Overview of sequencing technology
Sequencing is not a single technology used for a single purpose. It is a very general term that can be used in many ways. In this article we will discuss the different technologies that all fall under the term sequencing. The aim is toprovide a better understanding of the advantages and disadvantages of these techniques in order to apply them in the correct context. The different technologies can be distinguished by the target of their investigations: either DNA or RNA; either individual strains (bacterial, viral or fungal) or a complete population; either all material present or just specific targeted regions.
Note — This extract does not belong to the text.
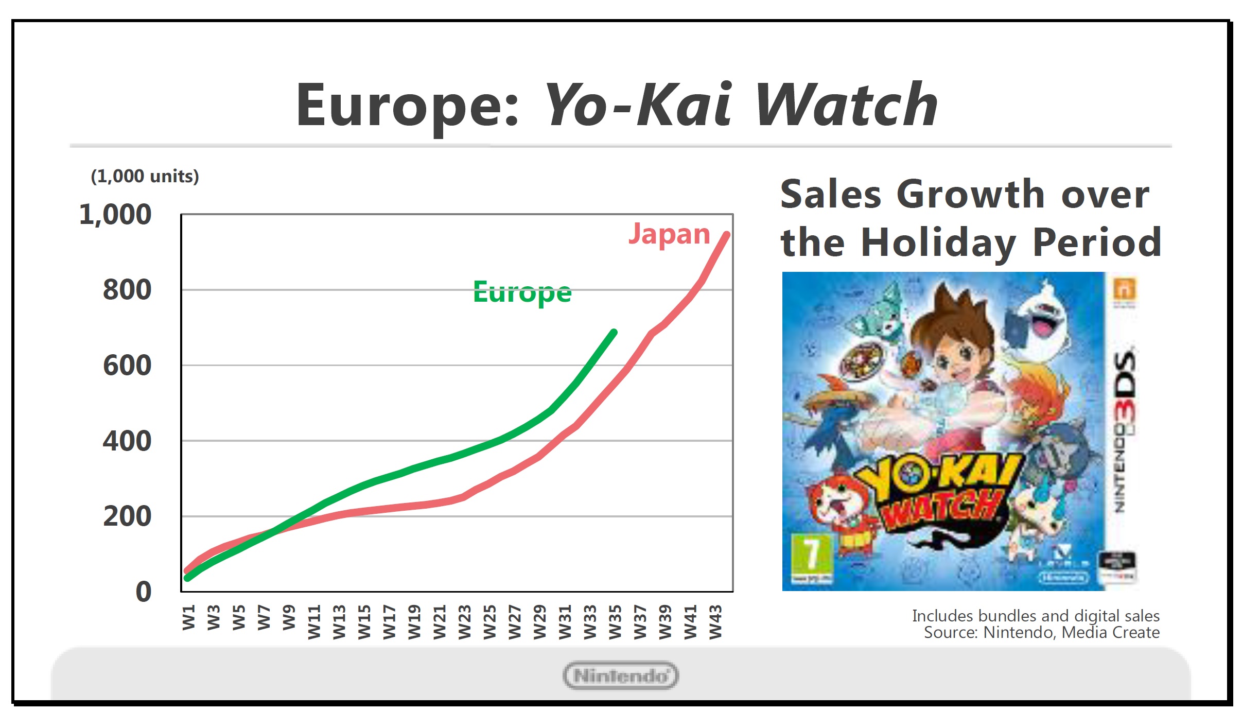 We have previously shared how the first title in the Yo-Kai Watch series, sold by our local subsidiary in the European market, was released in April last year and quickly surpassed initial sales of the Japanese release. This graph compares the sell-through in the European market with the earlier release in the Japanese market. Sales growth has maintained momentum even through the holiday period in Europe. High demand from children hoping to receive this title as a present has produced measurable results. The animated television show is also expanding to more regions, so we can expect further growth from this franchise in the future.

All sequencing methods are about determining the order of individual nucleotides A, C, G, T (or U) in a DNA or RNA molecule. RNA sequencing requires some additional preparation steps compared to DNA sequencing. In the final preparation step the RNA is converted to DNA and it is this DNA that is finally sequenced. Therefore, the principle
of RNA sequencing is not different from DNA sequencing and no further distinction between the two will be made in this article.
More and more sequencing innovations have been made in recent years, together with the decreasing cost, this has resulted in a dramatic increase of the applications where sequencing is used. For instance, in public health settings it is now the dominant typing method, and it is even replacing many characterization methods such as serotyping,
virulence profiling and antimicrobial resistance determination.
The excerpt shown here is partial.